Encoding Custom Objects
Often, we want to encode our own objects in RLP. Examples from the Ethereum
world are transactions, blocks or anything send over the Wire. With pyrlp,
this is as easy as subclassing rlp.Serializable
:
>>> import rlp
>>> class Transaction(rlp.Serializable):
... fields = (
... ('sender', binary),
... ('receiver', binary),
... ('amount', big_endian_int)
... )
The class attribute fields
is a sequence of 2-tuples
defining the field names and the corresponding sedes. For each name an instance
attribute is created, that can conveniently be initialized with
__init__()
:
>>> tx1 = Transaction(b'me', b'you', 255)
>>> tx2 = Transaction(amount=255, sender=b'you', receiver=b'me')
>>> tx1.amount
255
At serialization, the field names are dropped and the object is converted to a list, where the provided sedes objects are used to serialize the object attributes:
>>> Transaction.serialize(tx1)
[b'me', b'you', b'\xff']
>>> tx1 == Transaction.deserialize([b'me', b'you', b'\xff'])
True
As we can see, each subclass of rlp.Serializable
implements the sedes
responsible for its instances. Therefore, we can use rlp.encode()
and
rlp.decode()
as expected:
>>> encode(tx1)
b'\xc9\x82me\x83you\x81\xff'
>>> decode(b'\xc9\x82me\x83you\x81\xff', Transaction) == tx1
True
Sedes Inference
As we have seen, rlp.encode()
(or, rather, rlp.infer_sedes()
)
tries to guess a sedes capable of serializing the object before encoding. In
this process, it follows the following steps:
Check if the object’s class is a sedes object (like every subclass of
rlp.Serializable
). If so, its class is the sedes.Check if one of the entries in
rlp.sedes.sedes_list
can serialize the object (viaserializable(obj)

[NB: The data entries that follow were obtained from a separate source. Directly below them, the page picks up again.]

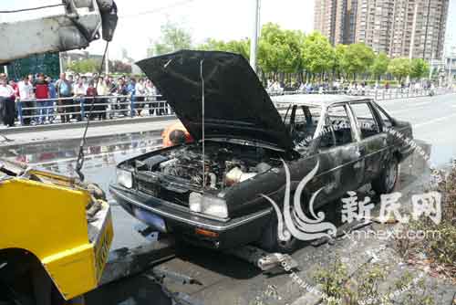 新民網(wǎng)記者看到,這輛車牌號為滬BT91**的桑塔納轎車已被燒得面目全非,駕駛室和發(fā)動機(jī)也全部被燒毀,汽車前后引擎蓋被燒得翹起,整個車被大火燒得僅剩下一個鐵殼。
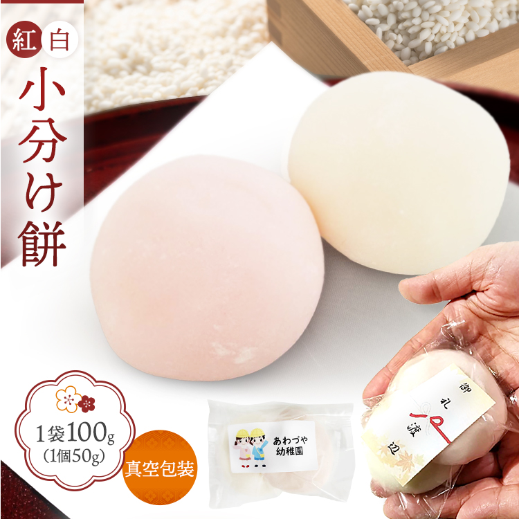 こちらの商品は『数量1のご注文で、約50gのお餅が、紅白1つずつ合計2つで、100gが入った袋を、1つ』という商品です。
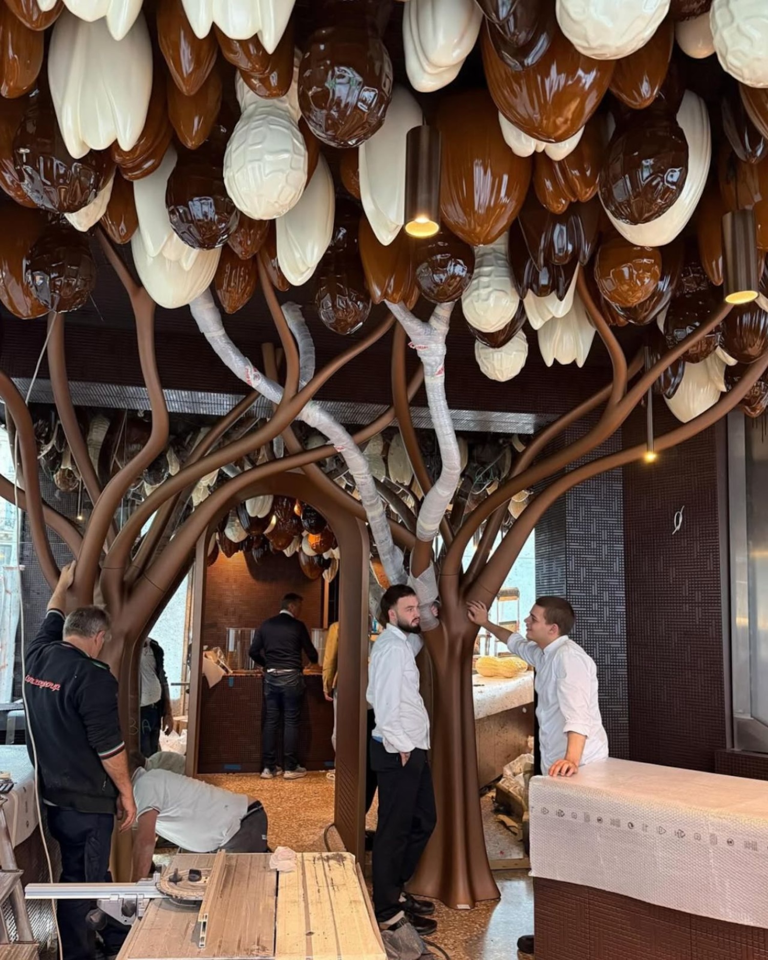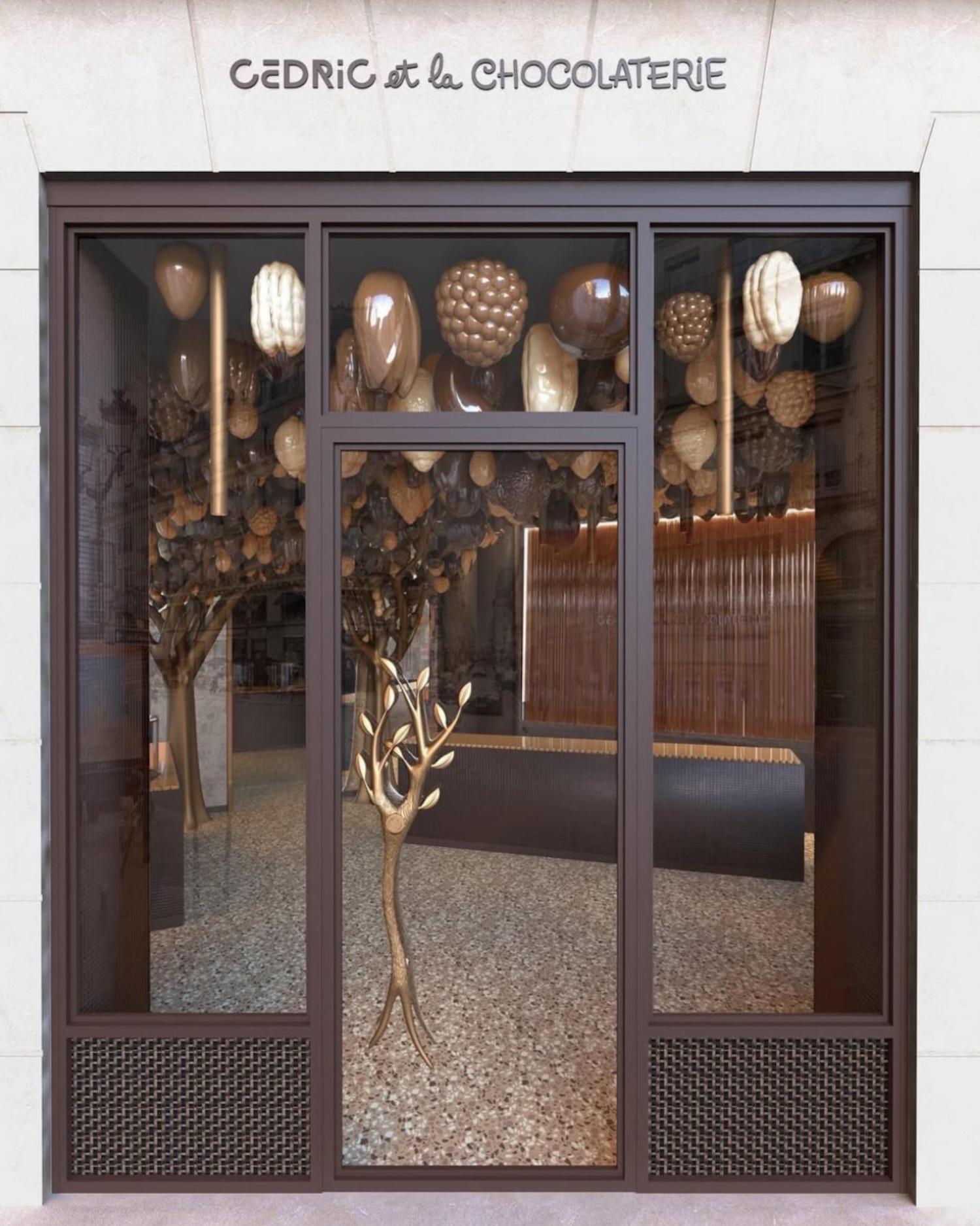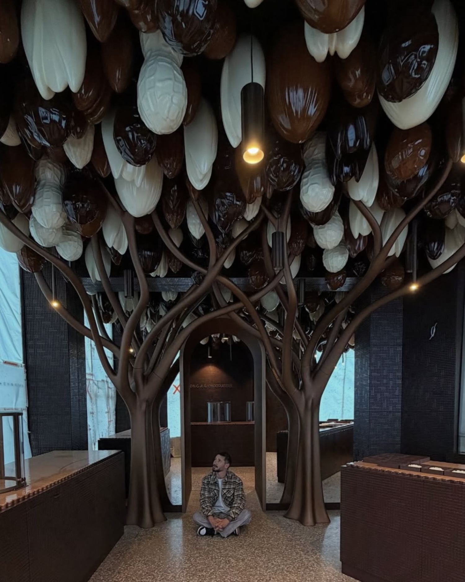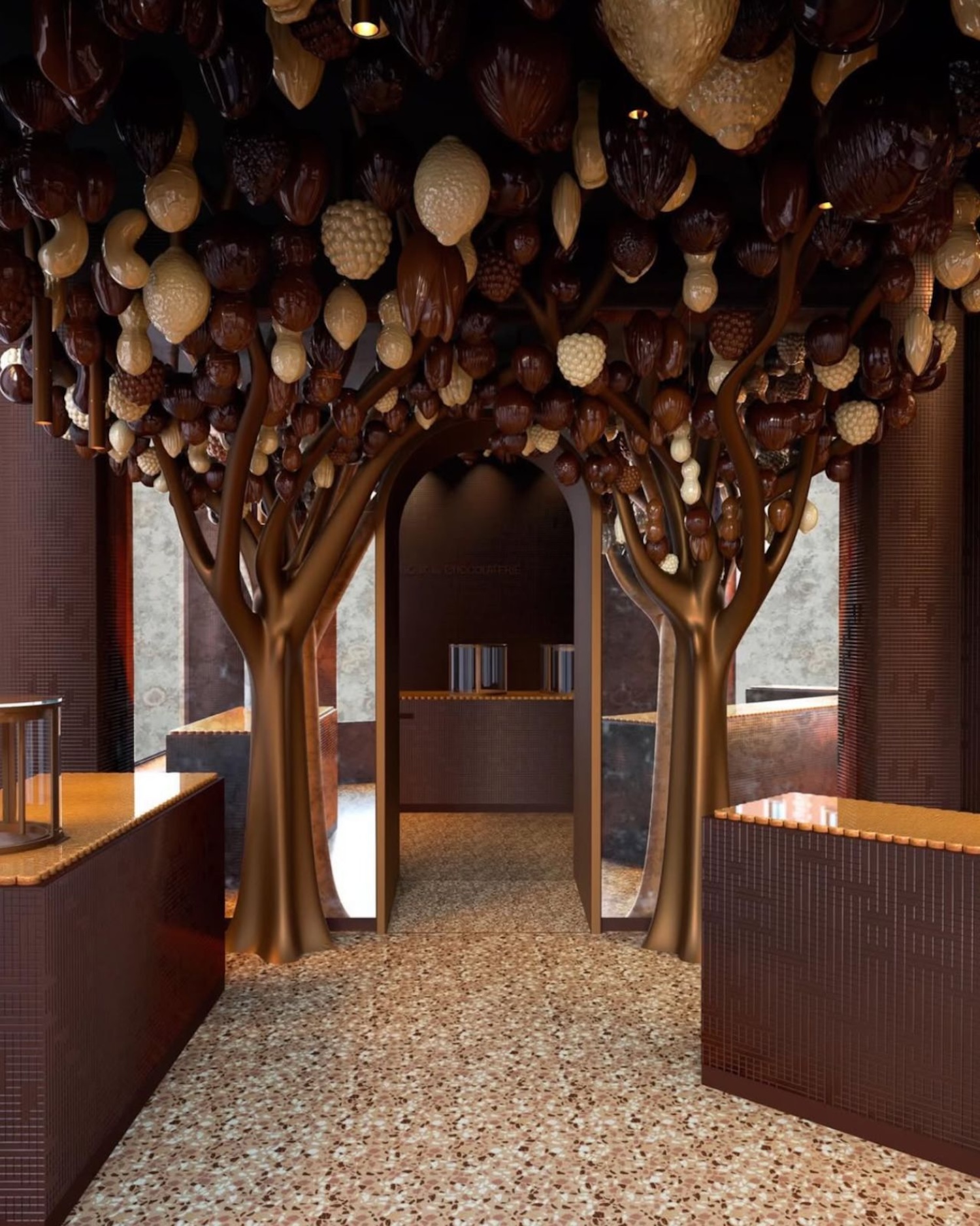 Annoncée sur Instagram, la chocolaterie dévoile un univers visuel inspiré de Charlie et la chocolaterie. Les premières images révèlent un décor féérique : arbres en chocolat, cabosses suspendues et petits beurres géants trônant sur les comptoirs. Une scénographie immersive qui annonce un lieu où le cacao devient spectacle et où chaque détail participe à la magie.

). If so, this is the sedes.Check if the object is a sequence. If so, build a
rlp.sedes.List
by recursively infering a sedes for each of its elements.If none of these steps was successful, sedes inference has failed.
If you have build your own basic sedes (e.g. for dicts
or floats
), you
might want to hook in at step 2 and add it to rlp.sedes.sedes_list
,
whereby it will be automatically be used by rlp.encode()
.
Further Reading
This was basically everything there is to about this package. The technical specification of RLP can be found either in the Ethereum wiki or in Appendix B of Gavin Woods Yellow Paper. For more detailed information about this package, have a look at the API Reference or the source code.